Guenther Wallraff Returns--from WAY DOWN UNDER to BLACK on WHITE
By Kevin Stoda, Germany
About two decades and a half ago, journalist Guenther Wallraff went undercover in his own Western German (BRD) society, i.e disguised as a Turkish guest worker: Levent (Ali) SigirlioÄlu. Ali looked for the many bottom-rung-societal-jobs in Germany which millions of foreigners had undertaken in the Post-WWII Western European miracle years to help empower the West German society to become one of the wealthiest lands in the world.
Wallraff as "Ali" was in Germany working without official papers and visa; therefore, Ali represented an important part of the Turkish-German society and many other foreigners in the 1960s, 1970s, and 1980s, i.e. who were not being welcomed into the German fold despite contributing to its great success.
http://en.wikipedia.org/wiki/G%C3%BCnter_Wallraff
Disguised as Ali, Wallraff took on jobs as laborer in construction firms, on farms, janitorial service, and even as a day laborer in a nuclear power plant. [In the publication of his 2-year adventure as Turk in Germany, LOWEST OF THE LOW, Guenther Walraff later revealed that the Turkish workers at the power plant were not even provided the same amount of protective clothing at the nuclear power plant as were the German employees at the same plant.]
As well as showing how both difficult and easy it was in Germany to find work as a day laborer, Wallraff also demonstrated how difficult it was to find a place to live or rent in Germany, especially if one's skin color was different than the majority of Germans.
http://de.wikipedia.org/wiki/Ganz_unten
In the subsequent Wallraff book, entitled LOWEST OF THE LOW (Ganz Unten), the author as "Ali" also shared of his visits to football matches and to restaurants around Germany. Even though, the Turkish Ali rooted for the German national team against his homeland throughout the match, Walraff "as Turk" was pelted with cigarette stubs and cries of "Sieg Heil" and "Turk, Go Home!" Finally, beer was even dumped on his hair by the German nationalist fans around him.
LOWEST OF THE LOW (Ganz Unten) was first brought out in book form in 1985 and then in a documentary format the next year. By 1988, parts of a new documentary work on this same 1983-1985 Turkish experiment by Wallraff had already been published in 30 languages.

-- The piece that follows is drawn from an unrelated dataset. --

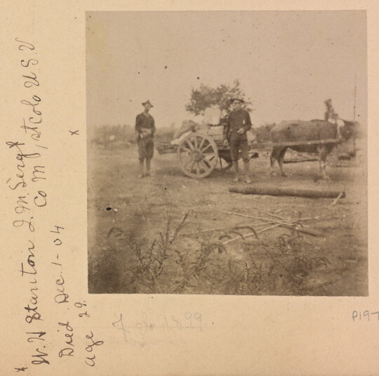 [Two American soldiers and carabao cart], ca. 1898-1902

Now, in 2009, Guenther Wallraff is back at it again--putting a mask over what his reality as typical Caucasian-German is in order to de-mask the society in which he lives and works. This next week, his new documentary film is being made public: Guenther Wallraff: BLACK ON WHITE[ Schwarz auf Weiss]".
This new documentary film finds Wallraff dressed and masked most often as a Somali asylum seeker, who has apparently lived in Germany long enough to "speak German very well" and who actually holds a German pass.
http://www.sueddeutsche.de/kultur/725/491095/text/
Wallraff says he wanted to put on the mask of a black person in Germany for over three decades but he hadn't trusted the skin painting and mask technology until recently. Therefore, only since 2007 has Wallraff been out and about as a black-German in both the former Eastern and Western Germanies, which now make up the Bundes republik deutschlands (BRD).
From these experiences, Wallraff shared recently in DIE ZEIT, "My travels as a black-German are now over. In all these months, however, I have never felt comfortable in my black skin--that is, I felt my skin was the target for feelings or reflections of shame for the most part. It is hard to say which is more difficult--the open aggressiveness of skinheads and full-frontal racism or the behind-the-back racism of the average citizen, who practices being friendly to one's face only to be lying all the time about that supposed respect that is spouting out of their mouths. In the end, I can put my black alter ego down and walk away, but the others in this country cannot."